Posted to the AI Alignment Forum here.

(This proposal received an honorable mention in the ELK prize results, and we believe was classified among strategies which “reward reporters that are sensitive to what’s actually happening in the world”. We do not think that the counterexample to that class of strategies works against our proposal, though, and we have explained why in a note at the end. Feedback, disagreement, and new failure modes are very welcome!)

Basic idea

A Human Simulator only cares about the observations that the human sees and how the human interprets those observations, not the predictor’s understanding of the vault. The Truthful Reporter, by contrast, cares about the predictor’s understanding of the vault, accessed via the posterior distribution returned by the predictor.

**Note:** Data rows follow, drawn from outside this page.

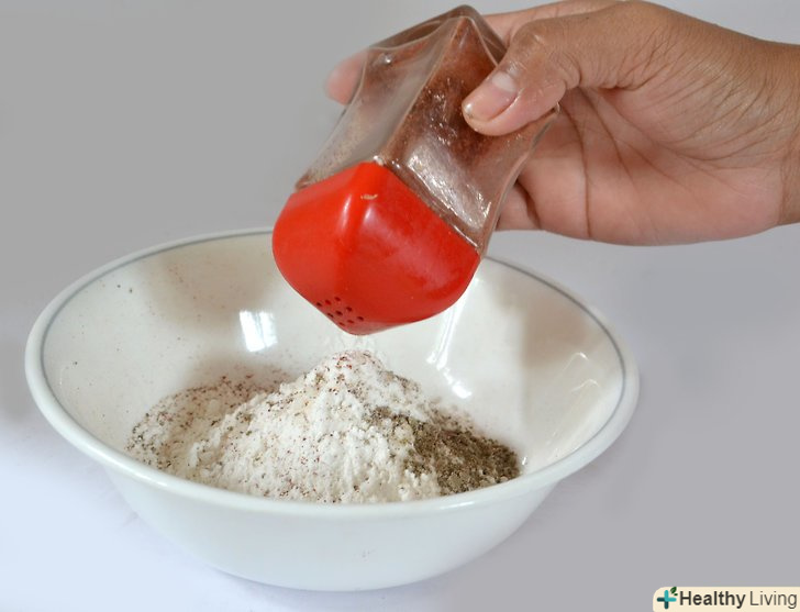 Змішайте борошно і приправи в неглибокій мисці.акуратно змішайте борошно, червоний перець, сіль, часниковий порошок і чорний перець до отримання однорідної маси.
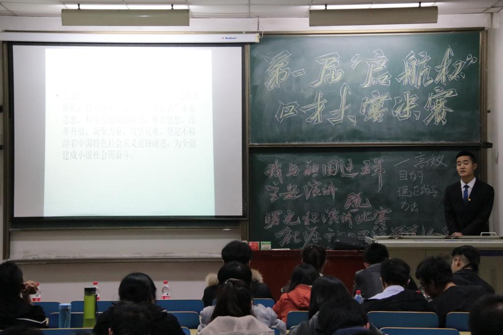 为发扬党的十九大精神,提高学院学子的综合能力。由能源动力工程学院主持人协会主办,第一届“启航杯”口才大赛决赛于11月10日晚7点在11212教室顺利举行。本次到场的嘉宾有院团委书记李晓彧及部分学生会干部。
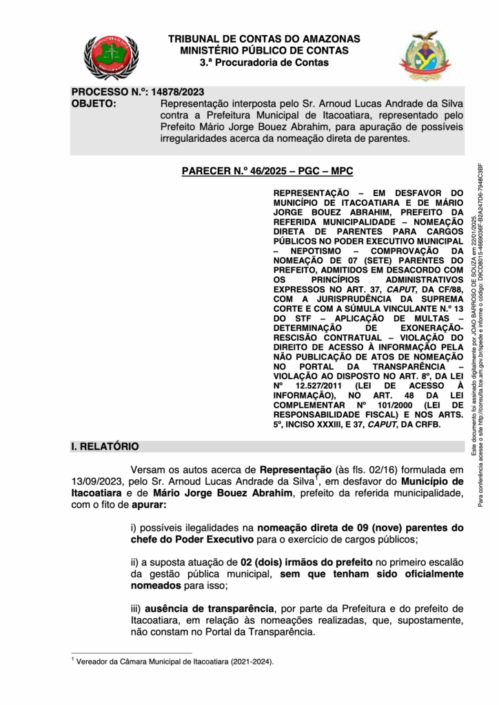 Desde janeiro, a rotina política no município tem sido marcada por ações do Ministério Público, decisões do Tribunal de Contas do Estado (TCE-AM) e críticas da oposição. As acusações vão de nepotismo e reajustes salariais suspeitos até licitações controversas e falhas graves na transparência das contas públicas.
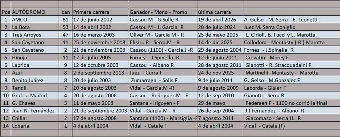 A lo largo de estos 24 años se visitaron 15 circuitos diferentes contando a San Cayetano en su versión de tierra y asfalto.

We propose a regularizer which favours having the Reporter depend on the Predictor’s posterior distribution conditioned on the observations shown to the human. For example, a Reporter that doesn’t look at the Predictor except to simulate what the human would see would be disfavoured.

How could we implement this basic idea concretely?

Below we provide a specific instantiation of this regularizer. In brief, this is a new loss term which depends on:

  1. [answer_gradient] The gradient of the Reporter’s distribution over answers, taken with respect to the Predictor’s posterior distribution. This describes how the Predictor’s posterior should change to maximally change the Reporter’s answers to the Human’s questions.
  2. [observation_gradient] The gradient of the distribution of predicted observations with respect to the predictor’s posterior distribution. This describes how the Predictor’s posterior should change to maximally change the Extractor’s output.

Our loss function favours models which have the answer_gradient be ‘further’ from the observation_gradient. We implement this by finding the linear vector space spanned by the components of the observation_gradient, projecting the answer_gradient out of that space, and then taking the norm of what’s left.

More precise detail on strategy

The key changes we have made to the pseudocode below are:

  • Added regularizer described above.
  • Added a method for computing gradients of other functions.
  • Added a method for constructing a projection operator.
  • Changed the observation and reporter functions to depend on the predictor’s posterior rather than a sample from that posterior.
## New auxiliary functions that we need to do some basic calculus
## and linear algebra
def gradient(function, indep_vars, *args):
	# Returns the gradient of the function with respect to indep_vars
	# args are passed to the function
	# Return value has shape (shape(function), len(indep_vars))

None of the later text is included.